LSFR can also be used as a random number generator. The generated signal that can be picked at any digit of the register, is not fully random (pseudorandom), still reasonably chaotic. The number of possible states (hence the randomness of the signal) would likely increase when increasing the number of bits in the register.
The "theoretically correct" LSFR should use XOR gate, however such device may stall the generator in "all zeros" state. Using XNOR (XOR with inverted output) makes the opposite "all ones" state illegal (stall state), however it is often easier to reset the register to the "all zeros" state on startup. While XNOR-based device is not strictly a LSFR, in practice it behaves largely the same way as a XOR based device.
Register bits from where the signal is picked for the generating the next value for the lowest bit are called taps. The pictured diagram has two taps, the bit 3 and the highest bit 4 (the device may also work with different taps).

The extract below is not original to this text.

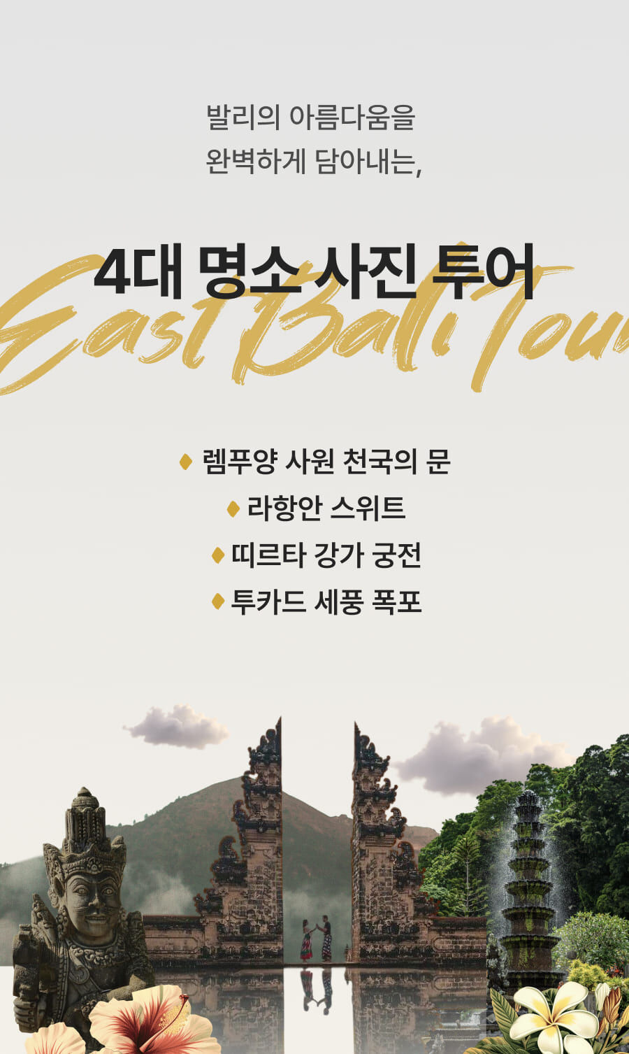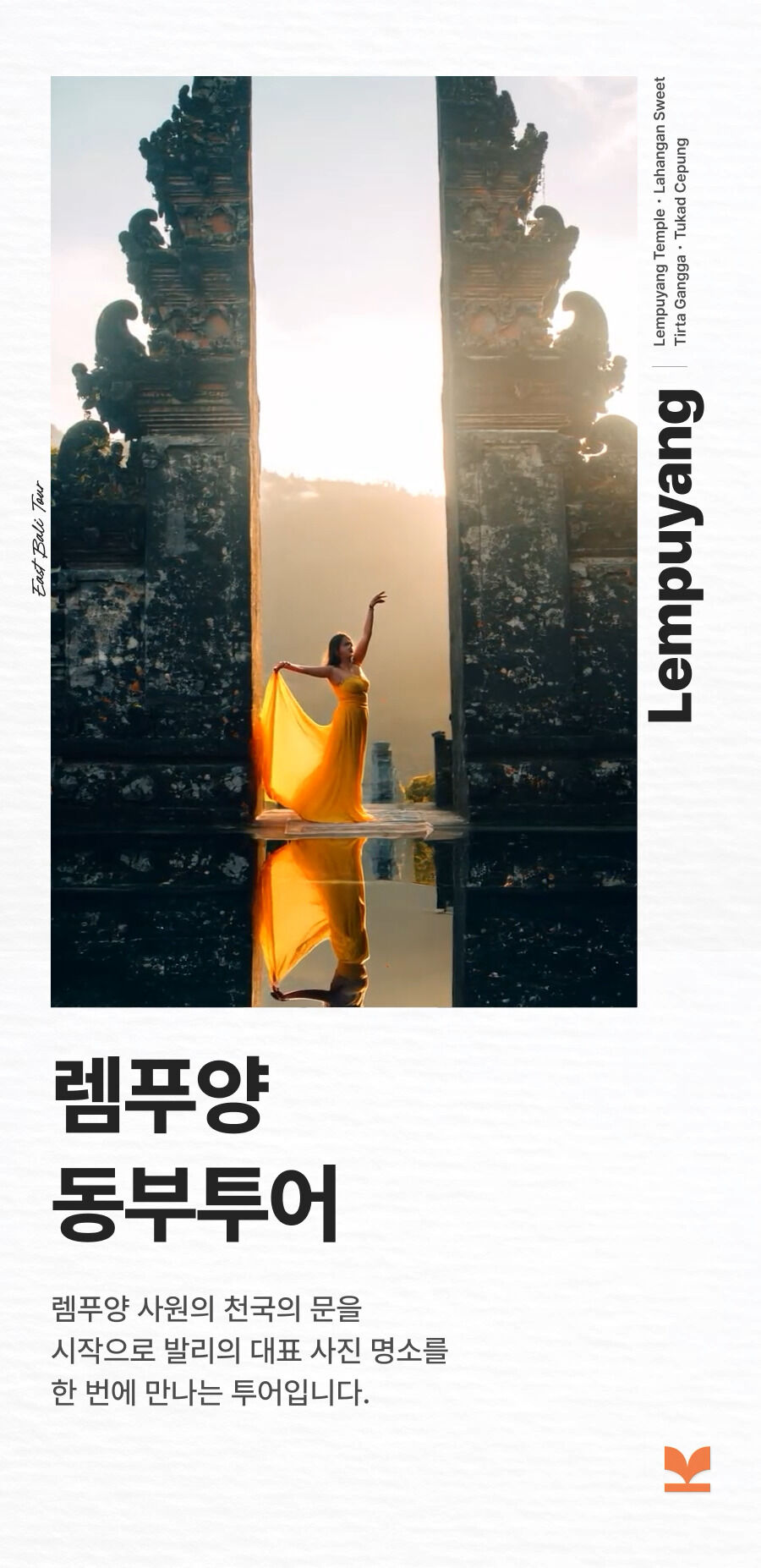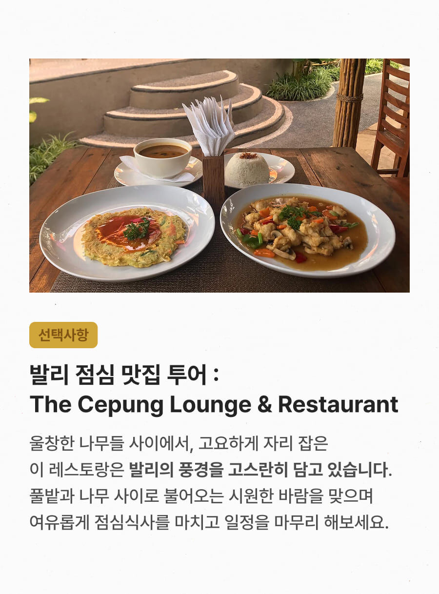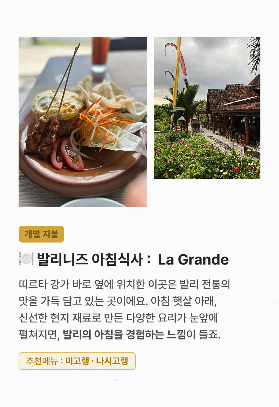 [단독이벤트/로컬페이지] 발리 렘푸양 동부투어 (천국의 문/전지역 무료픽드랍/한국어가이드) 평점 5 · 리뷰 6건 포함 1. 발리 전지역 무료 픽업&드랍 서비스 2. 정부 공식 한국어 가이드 3. 최대 10시간 차량 이용 4. 모든 입장료 및 정부세금 5. 365 여행 상담원 6. 촬영 서비스 7. 발리 가이드맵 8. 발리 전통의상 세롱 대여 불포함 ﹒중식비용 ﹒선택 추가 옵션비용 (폭포 레프팅 + 런치뷔페 인당 50,000원 ) 마이리얼트립에서 예약하기 발리 목록 도시 목록

The LFSR is only a maximum-length if the number of taps is even. Just 2 or 4 taps can suffice even for very long sequences. To produce a maximum length counter, the set of taps — taken all together, not pairwise (i.e. as pairs of elements) — must be relatively prime (there must be no common divisor to all taps). There can several ways of connecting taps to produce a maximum-length LSFR.
Device that only modifies the currently lowest bit (computing it from the tap outputs) is also called a Fibonacci LFSR. If some logic is also inserted to compute values for the intermediate bits (rather than inheriting these values from the lower bit as in usual shift operation), the device is a Galois LFSR.